Mr Monster
Auch seine Stimme klang angespannt. »Was willst du denn hier?«
»Was tun Sie hier?«, entgegnete ich. »Sind Sie am Tatort schon fertig?«
»Nein, nein.« Er schüttelte den Kopf. »Die Abteilung ist noch im Einsatz, wahrscheinlich bleiben die Leute die ganze Nacht draußen. Willst du etwas Bestimmtes von mir?«
»Äh, ja«, antwortete ich. »Allerdings habe ich nicht damit gerechnet, Sie hier zu treffen.«
»Warum bist du dann gekommen?«
»Sie müssen mir etwas über die Leiche erzählen.« Ich setzte mich.
»Warum?« Er runzelte die Stirn. »Warum sollte ich gerade dir etwas erzählen? Du bist kein Cop.« Während er sprach, ließ seine Erschöpfung nach. Er saß nun aufrecht und wirkte konzentriert, seine Stimme klang fest. »Vielleicht kann ich dir helfen.« Er lehnte sich zurück und musterte mich aufmerksam. »Denk für mich über etwas nach, das hilft uns beiden, wachsam zu bleiben. Warum hat der Clayton-Killer seine Opfer getötet?«
»Glauben Sie, es ist der Clayton-Killer? Das passt doch gar nicht zusammen«, widersprach ich.
»Nein, keineswegs«, antwortete Forman. Er studierte wieder die vor ihm liegende Akte. »Allerdings glaube ich, dass es einen Zusammenhang gibt. Nun sag mir: Warum hat der Clayton-Killer getötet?«
Das war leicht zu beantworten. Kriminologie, Einführungskurs. »Wie detailliert soll ich antworten?«, fragte ich. »Ganz platt gesagt – Serienmörder töten, weil sie ein Bedürfnis verspüren, und das Töten befriedigt dieses Bedürfnis.«
»Gut.« Forman las weiter in der Akte. »Was hat der Clayton-Killer gebraucht?«
»Warum fragen Sie das mich?«
»Wie gesagt, damit wir wachsam bleiben.«
»Warum wir ? Warum sollen wir wachsam bleiben?«
»Willst du etwa nicht höchst aufmerksam sein?« Er blickte zum Fenster, als könne er die Jalousien und die Nacht durchdringen. »Du bist ein ausgesprochen kluger junger Mann«, sagte er. »Du kommst auch selbst drauf.«
Jedes Mal, wenn ich Forman begegnete, zeigte er mir ein neues Gesicht. Er war misstrauisch, distanziert, nervös. Was war es jetzt? Wachsam? Was hatte das überhaupt zu bedeuten?
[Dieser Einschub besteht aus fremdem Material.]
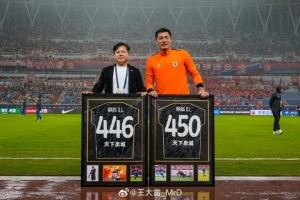 7月27日山东泰山对阵梅州客家的比赛,王大雷首发出战,他也以446场成为中国顶级联赛出场王。在昨天泰山对阵玉昆赛前,王大雷领取了446场的纪念球衣,他同时还领取了中国顶级联赛450次出场纪念球衣。
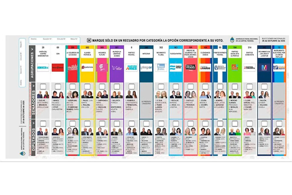 2) Dentro del cuarto oscuro, la persona verá que la boleta consta de columnas de cada partido político (nombre, logo, número de lista) y las filas con las categorías en disputa y las fotos de los dos primeros candidatos de cada categoría. La clave es marcar con birome un sólo recuadro por cada categoría. Por ejemplo: en CABA se eligen diputados y senadores nacionales por lo que habrá que votar en las dos categorías. En Provincia de Buenos Aires, solo se votan diputados nacionales, por lo que la boleta incluirá una sola categoría.

»Der Clayton-Killer hat sich Körperteile angeeignet«, erklärte ich. »Also könnte man ganz einfach sagen, dass er Körperteile brauchte. Gewöhnlich steckt aber noch mehr dahinter.«
»So ist es«, murmelte Forman. Er blickte unverwandt zum Fenster, schloss nun aber die Augen, als wolle er meditieren.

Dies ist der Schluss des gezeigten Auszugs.